Comments + whitespace
//line comment (newline-terminated)/* ... */block comment, non-nesting (single-pass scanner)- Whitespace is significant only as token separator
- Newlines are not statement terminators — semicolons are required between statements
The lexer never emits comment tokens; they are discarded inline. Doc-comment harvesting (for the LSP) happens at the parser layer by inspecting trivia stored alongside tokens.
Error recovery
The hand-written parser uses synchronization on ; and } boundaries to keep emitting Stmt::Error / Expr::Error placeholders so the LSP gets multiple diagnostics from one pass. The recovery strategy is:
- On parse error in a statement, consume tokens until the next
;or matching}is reached. - Emit
Stmt::Error { span }covering the swallowed range. - Resume parsing the next statement.

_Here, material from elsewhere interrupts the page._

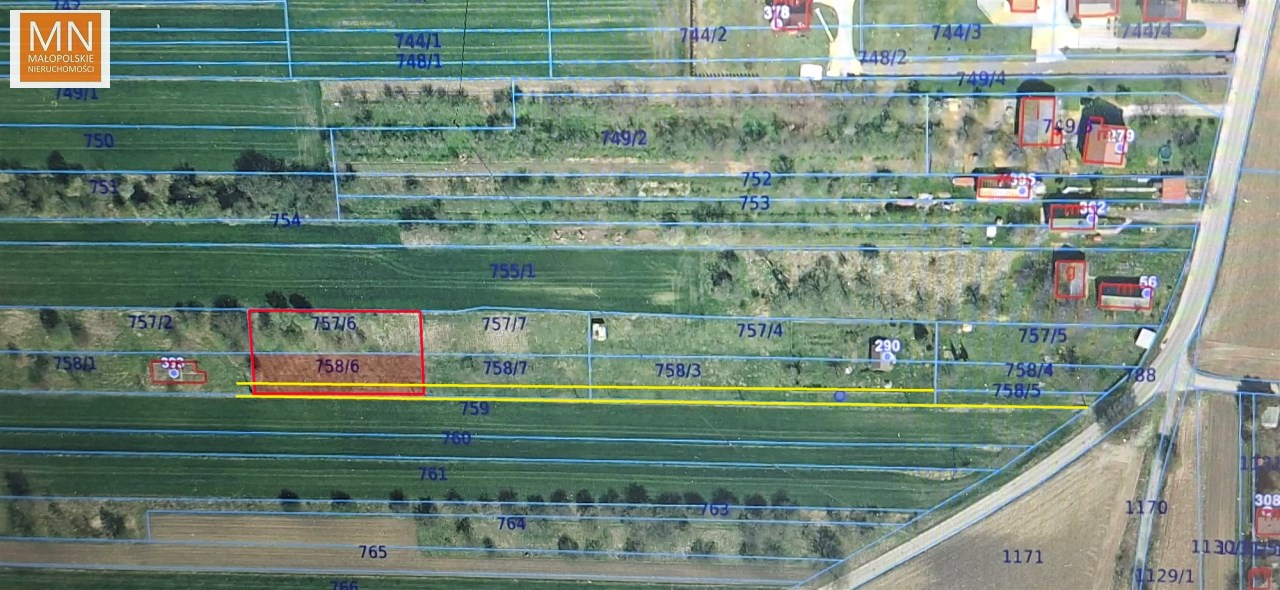 Nieruchomość składa się z 2 działek ewidencyjnych ( 757/6 , 758/6 ) o kształcie prostokąta i wymiarach 57 m x 28 m. Dojazd na całej długości 57m. Teren jest płaski, dobrze nasłoneczniony, co czyni go idealnym miejscem pod dom z ogrodem lub dwa budynki.
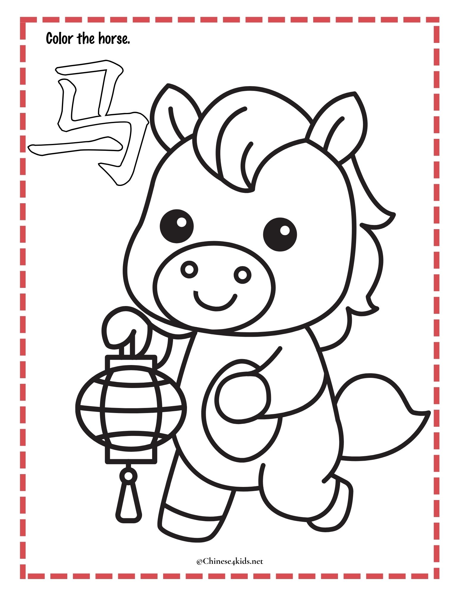 - Color, trace and write Chinese character of a horse (马)

For expression errors inside a statement, the parser returns Expr::Error { id, span } and lets the statement-level recovery catch the rest. See crates/achronyme-parser/src/parser/core.rs for the synchronize() helper.
Source files
| Component | File |
|---|---|
| Lexer | crates/achronyme-parser/src/lexer.rs |
| Tokens | crates/achronyme-parser/src/token.rs |
| Parser core (Pratt) | crates/achronyme-parser/src/parser/core.rs |
| Expression parsing | crates/achronyme-parser/src/parser/exprs.rs |
| Statement parsing | crates/achronyme-parser/src/parser/stmts.rs |
| Precedence + dispatch tables | crates/achronyme-parser/src/parser/tables.rs |
See AST Reference for the data structure produced by the parser.